In comparison to the previously published nine cases on 17q23.1q23.2 microdeletion, our patient showed no evidence of ASD, PDA, pulmonary artery hypertension, ossification or mineralization defects, or hearing loss. However, despite early normal Echos, the patient was diagnosed with left branch pulmonary stenosis at six weeks of age. The current case presented with long, thin fingers and microcephaly similar to findings in previously reported cases. New findings within the current case include microcephaly, micrognathia, ankyloglossia, small mouth, high arch palate, glandular hypospadias, and thrombocytopenia. He presented with hypotonia, poor feeding, poor weight gain in the first week of life followed by hypertonia, and tremors from the second week of life. Neurology managed the hypertonia and tremors, and Urology the glandular hypospadias. The other male case presented with a shawled scrotum [1]. In comparison to a previously published case on 11p11.2q13.4 [16], our patient presented with hypertonia, microcephaly, high arched palate, and startle reflex at two months. In conclusion, the current case presented both new and typical features of the 17q23.1q23.2 microdeletion syndrome and identified homozygosity of 11p11.2q13.4 at an early stage.

The authors speculate that heterogeneity in the microdeletion breakpoint may partially explain variations across phenotypes of these cases. Furthermore, genetic associations may exist that are not yet discovered within 17q23.1q23.2 microdeletion syndrome, or interval deletions in this genetic region. As such, additional characteristics related to our patient’s microdeletion may occur later in development. For example, a genome linkage analysis discovered loci associated with Multiple Sclerosis (MS) in the 17q23.1q23.2 microdeletion region [15]. Cases with 17q23.1q23.2 microdeletion syndrome potentially alter the risk of developing MS throughout the lifespan as compared to the general population.

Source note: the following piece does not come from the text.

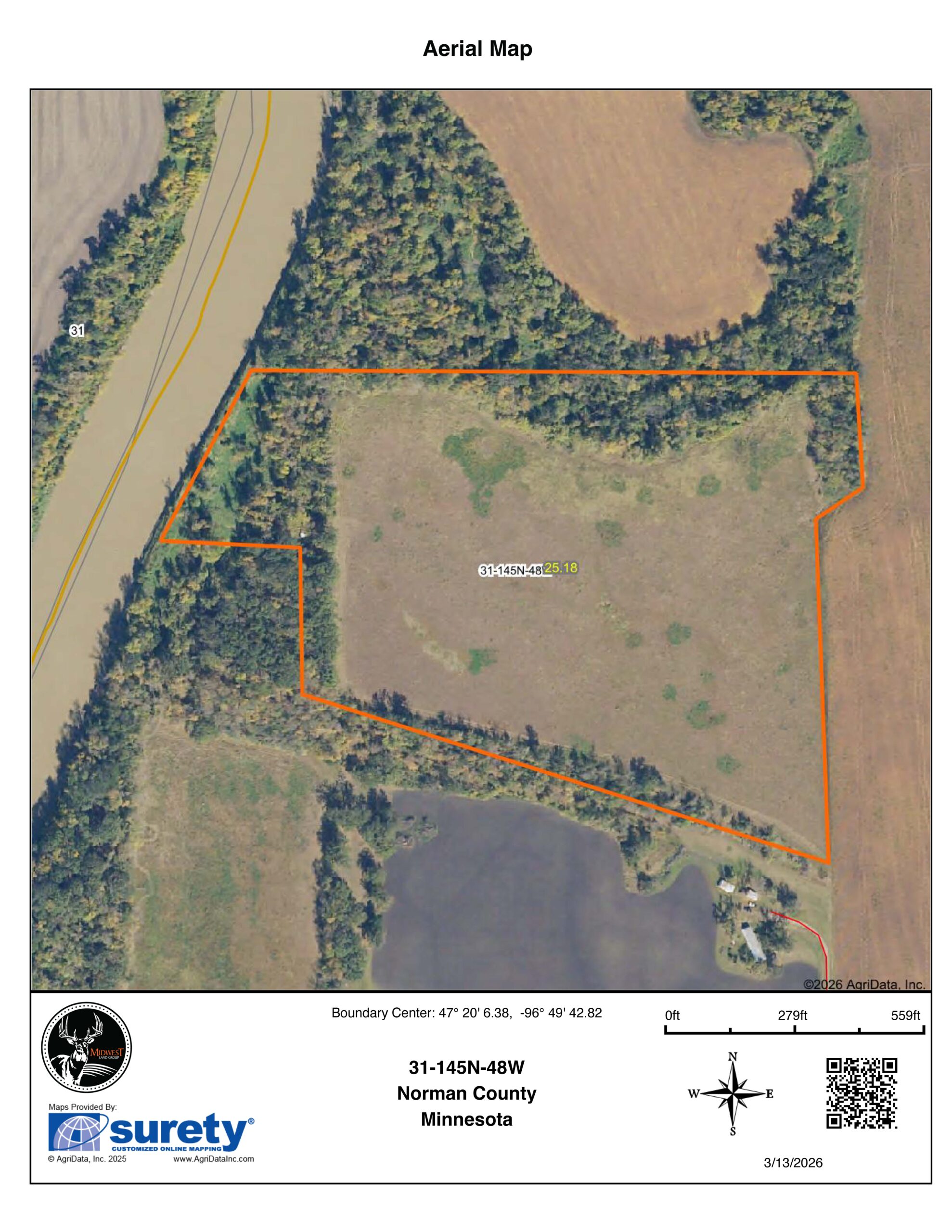 The opportunities are seemingly endless with this 25 +/- acre hunting property that extends far beyond just whitetail and upland potential. A sizable number of various waterfowl species follow the winding Red River Valley during migration periods, but the timber-covered shorelines provide adequate cover to grow large whitetail bucks, and the turkey and grouse habitat is abundant, as well.Easily accessible through a short 150-yard legally established easement from pavement, the property features existing income-generating CRP 18 +/- acres, with room for foot-plot implementation to attract and hold deer and pheasants on the property. Whilst hunting opportunities with this tract are certainly highly appealing, the fishing in the Red River is simply world-class. Widely recognized as the top channel catfishery on the planet, there is a historically productive catfish hole that abuts the western property boundary. Don’t overlook the walleye fishing in the river either; it’s also fantastic. The river and property edge are easily accessible via the Halstad Public Boat Launch just west of downtown Halstad.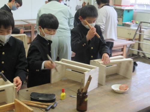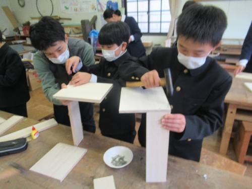 昨年も経験した6年生は、あっという間に材料を加工し、くぎを打ちつけることができました。来週、ヤスリで磨き、ニスを塗って完成させる予定です。

The mode of inheritance of 17q23.1q23.2 microdeletion syndrome remains undetermined. A case series identified de novo 17q23.1q23.2 microdeletion based on parental fluorescent in situ hybridization genotyping results in five of seven individuals [1]. In a single case, the microdeletion presented as de novo mutation [2]. Another case identified the de novo 17q23.1q23.2 microdeletion on maternally inherited chromosomes [3]. Parental microarray was recommended, however, it was not performed in the patient's family.

Future research may further characterize 17q23.1q23.2 microdeletion syndrome to potentially generate diagnostic testing guidelines for associated anomalies. Additionally, whole-genome sequencing of patients with this microdeletion may lead to a better understanding of potential gene interaction. The authors anticipate that such knowledge may improve detection, treatment, support, and patient outcomes related to this specific microdeletion syndrome.

Conclusions

The current case highlights a rare genetic microdeletion in a male newborn. As there are only a small number of cases published to date, disease progression and management of this genetic microdeletion remains unclear. The use of advanced genetic screening may diagnose more cases of 17q23.1q23.2 microdeletion in newborns and generate further characterization of the disease. The addition of detailed patient cases may lead to pertinent screening and treatment guidelines may be produced to help patients, families, and their providers manage 17q23.1q23.2 microdeletion syndrome.